» **EXERCISE GOAL**
Nothing but the pictures gets dropped; retype every entry exactly.

*** Begin section ***

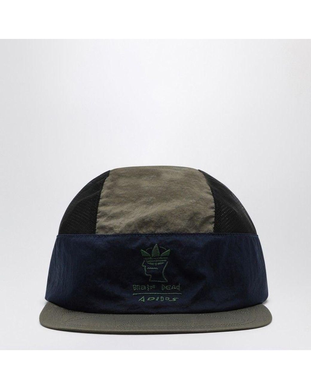 Cap with visor by adidas originals made in collaboration with brain dead in recycled black, green, and blue nylon, featuring an embroidered logo on the front and an adjustable size at the back with a drawstring.SpecificationValueSeasonSS25Composition100% RECYCLED POLYAMIDEColorBLACKColor CodeBLKMade InCHINAISOCNDepartmentMenSectionACCESSORIESSubsectionCAPS & HATSSize InformationONE SIZESize CodeOS Colour: blue
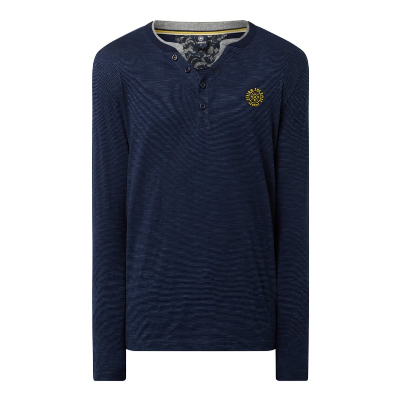 Koszulka serafino męska LERROS, Czysta bawełna , Prosty krój , Drobne paski, Dekolt z guzikami, Nadruk z logo na wysokości piersi , Długość tyłu w rozmiarze M: 69 cm , Długość rękawa w rozmiarze M: 65 cm
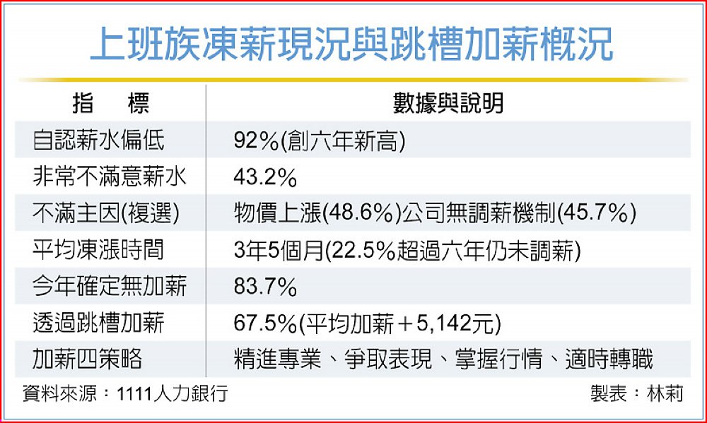 1111人力銀行21日發布調查指出,九成二上班族自認薪水偏低,其中四成三更對薪水感到非常不滿意。人力銀行表示,造成薪資不滿的主因之一為企業缺乏明確調薪機制,受訪者平均在同一職位凍漲3年5個月。為提升薪資水準,67.5%上班族選擇跳槽加薪,平均薪水一次增加5,142元。
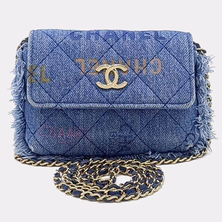 Pre Owned حقيبة شانيـل كروس بودي جينز أزرق
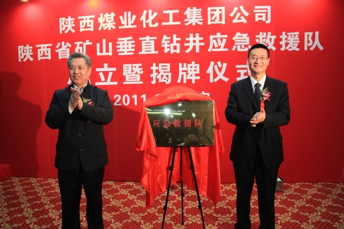 陜西煤業(yè)化工集團(tuán)董事長華煒,陜西省應(yīng)急管理辦公室張小寧主任為陜西省礦山垂直鉆井應(yīng)急救援隊(duì)揭牌
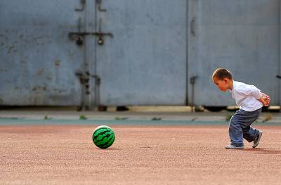 2011.04.26.湖北襄阳体育场玩球的孩子。
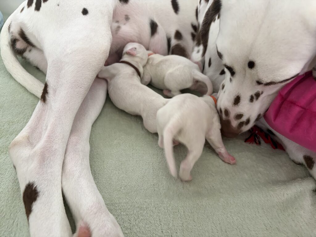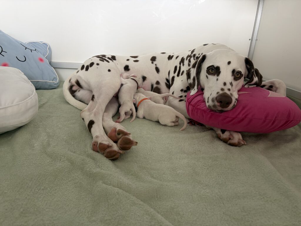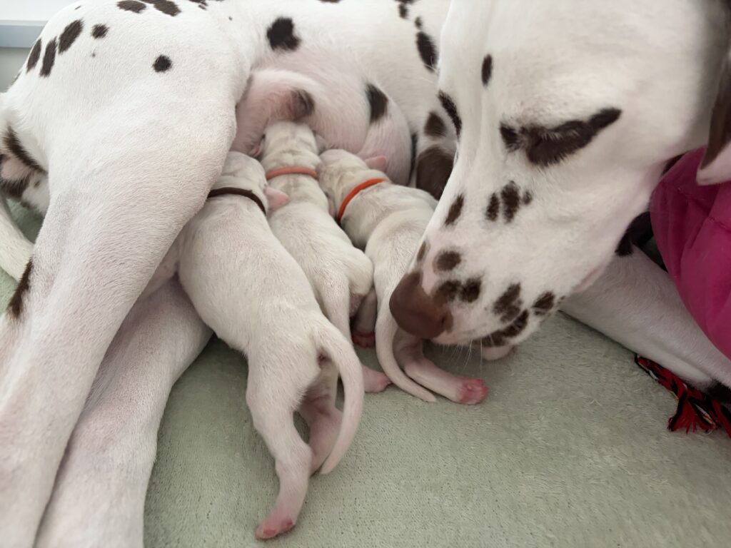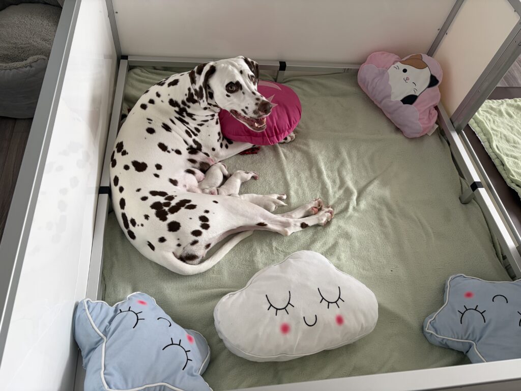 Am 21.03.2026 hatte das Warten auf unseren F-Wurf ein Ende. Um 18:00 Uhr am Abend brachte Akira das erste Baby zur Welt. Sie machte das souverän. Es war ein Boy. Was wir noch nicht wussten, es sollte noch einer kommen. Ihm folgten im Laufe des Abends bis 22:00 noch 1 Mädel. Schlussendlich waren es 1 Mädel und 2 Boys. Dies ist ein überschaubarer Wurf. Die kleinen drei, bringen ein durchschnittliches Geburtsgewicht von 350 g auf die Waage und zeigten sich von Anfang an zufrieden. Die Geburt verlief ohne Probleme. Akira hat für den ersten Wurf dies mit Bravur gemeistert.
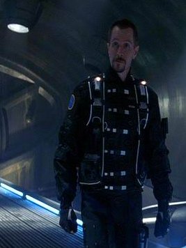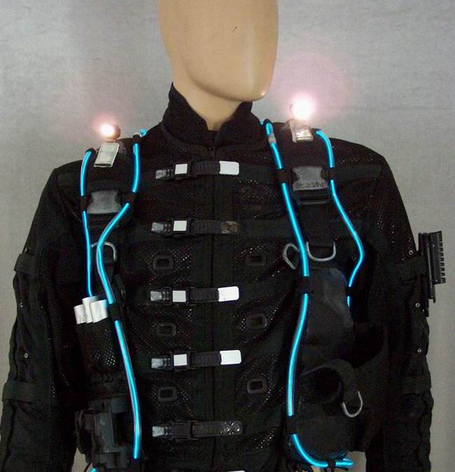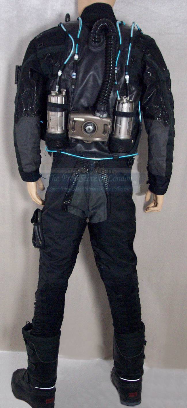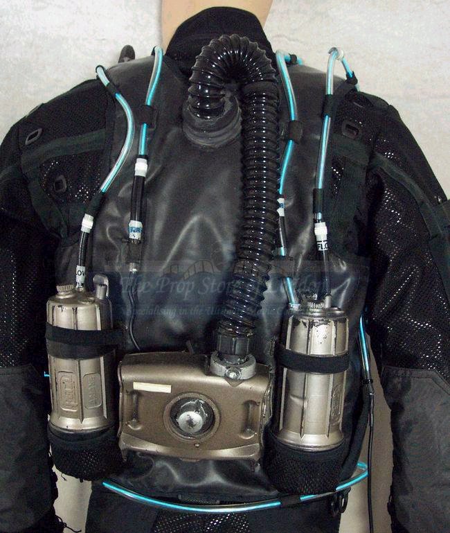 A tactical costume worn by Gary Oldman as Dr. Smith in the sci-fi movie Lost in Space. The costume consists of a rubberized vest that would have originally been a scuba divers which has been customized by the prop department. There is a large pipe on the back which connects to a rubber pack made to look like a fan. There are a series clear tubes running all around the edges of the jacket which light up neon blue when a switch is flicked on a power pack and there is a small working torch on each of the shoulders. Underneath the vest is a black jacket which fastens up the front with plastic clasps, has several pockets and is made from netting like material and strong waterproof material.
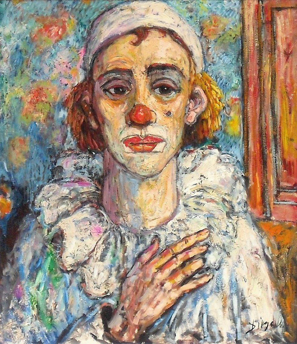 1975 | 55 años Ernesto el payaso Óleo sobre lienzo. Colección particular 27.5 x 31.5 cm. |
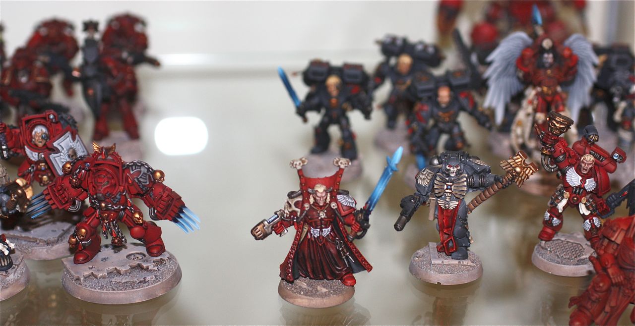 I have not applied dull coat, and I committed the terrible miniature photo taking faux pas by using a flash camera instead of my light booth, but still I could not resist putting up shots of my new Mephiston model. I am really happy with how he turned out. I used an air brush, followed by a lot of targeted washes and highlighting. The washes left him a little shiny, but that will be dealt with in time. I am painting this army in sort of coarse brush strokes, and plan to come back for rebasing as necessary for the display board, and weathering.
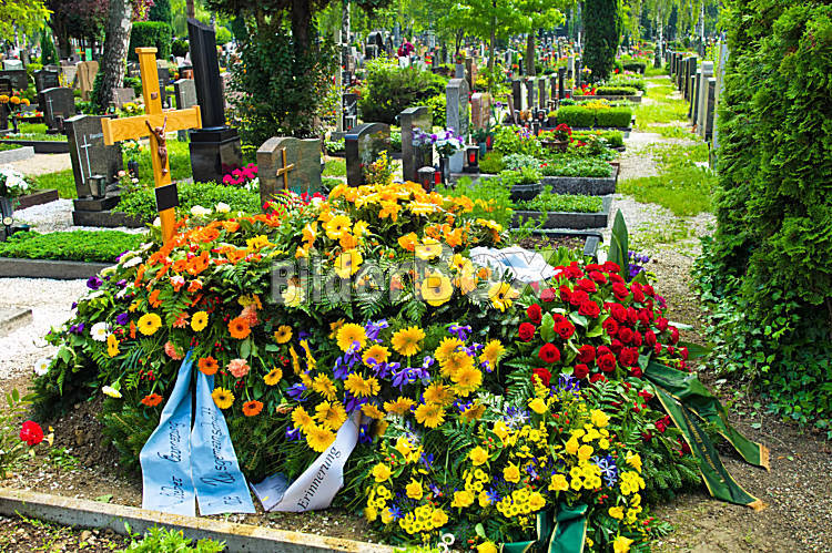Beschreibung Auf einem Friedhof befindet sich ein frisches Grab nach einem Begräbnis.

*** End section ***

» **REPLY TO THE EXERCISE**
 Cap with visor by adidas originals made in collaboration with brain dead in recycled black, green, and blue nylon, featuring an embroidered logo on the front and an adjustable size at the back with a drawstring.SpecificationValueSeasonSS25Composition100% RECYCLED POLYAMIDEColorBLACKColor CodeBLKMade InCHINAISOCNDepartmentMenSectionACCESSORIESSubsectionCAPS & HATSSize InformationONE SIZESize CodeOS Colour: blue
 Koszulka serafino męska LERROS, Czysta bawełna , Prosty krój , Drobne paski, Dekolt z guzikami, Nadruk z logo na wysokości piersi , Długość tyłu w rozmiarze M: 69 cm , Długość rękawa w rozmiarze M: 65 cm
 1111人力銀行21日發布調查指出,九成二上班族自認薪水偏低,其中四成三更對薪水感到非常不滿意。人力銀行表示,造成薪資不滿的主因之一為企業缺乏明確調薪機制,受訪者平均在同一職位凍漲3年5個月。為提升薪資水準,67.5%上班族選擇跳槽加薪,平均薪水一次增加5,142元。
 Pre Owned حقيبة شانيـل كروس بودي جينز أزرق
 陜西煤業(yè)化工集團(tuán)董事長華煒,陜西省應(yīng)急管理辦公室張小寧主任為陜西省礦山垂直鉆井應(yīng)急救援隊(duì)揭牌
 2011.04.26.湖北襄阳体育场玩球的孩子。
 Am 21.03.2026 hatte das Warten auf unseren F-Wurf ein Ende. Um 18:00 Uhr am Abend brachte Akira das erste Baby zur Welt. Sie machte das souverän. Es war ein Boy. Was wir noch nicht wussten, es sollte noch einer kommen. Ihm folgten im Laufe des Abends bis 22:00 noch 1 Mädel. Schlussendlich waren es 1 Mädel und 2 Boys. Dies ist ein überschaubarer Wurf. Die kleinen drei, bringen ein durchschnittliches Geburtsgewicht von 350 g auf die Waage und zeigten sich von Anfang an zufrieden. Die Geburt verlief ohne Probleme. Akira hat für den ersten Wurf dies mit Bravur gemeistert.
 A tactical costume worn by Gary Oldman as Dr. Smith in the sci-fi movie Lost in Space. The costume consists of a rubberized vest that would have originally been a scuba divers which has been customized by the prop department. There is a large pipe on the back which connects to a rubber pack made to look like a fan. There are a series clear tubes running all around the edges of the jacket which light up neon blue when a switch is flicked on a power pack and there is a small working torch on each of the shoulders. Underneath the vest is a black jacket which fastens up the front with plastic clasps, has several pockets and is made from netting like material and strong waterproof material.
 1975 | 55 años Ernesto el payaso Óleo sobre lienzo. Colección particular 27.5 x 31.5 cm. |
 I have not applied dull coat, and I committed the terrible miniature photo taking faux pas by using a flash camera instead of my light booth, but still I could not resist putting up shots of my new Mephiston model. I am really happy with how he turned out. I used an air brush, followed by a lot of targeted washes and highlighting. The washes left him a little shiny, but that will be dealt with in time. I am painting this army in sort of coarse brush strokes, and plan to come back for rebasing as necessary for the display board, and weathering.
Beschreibung Auf einem Friedhof befindet sich ein frisches Grab nach einem Begräbnis.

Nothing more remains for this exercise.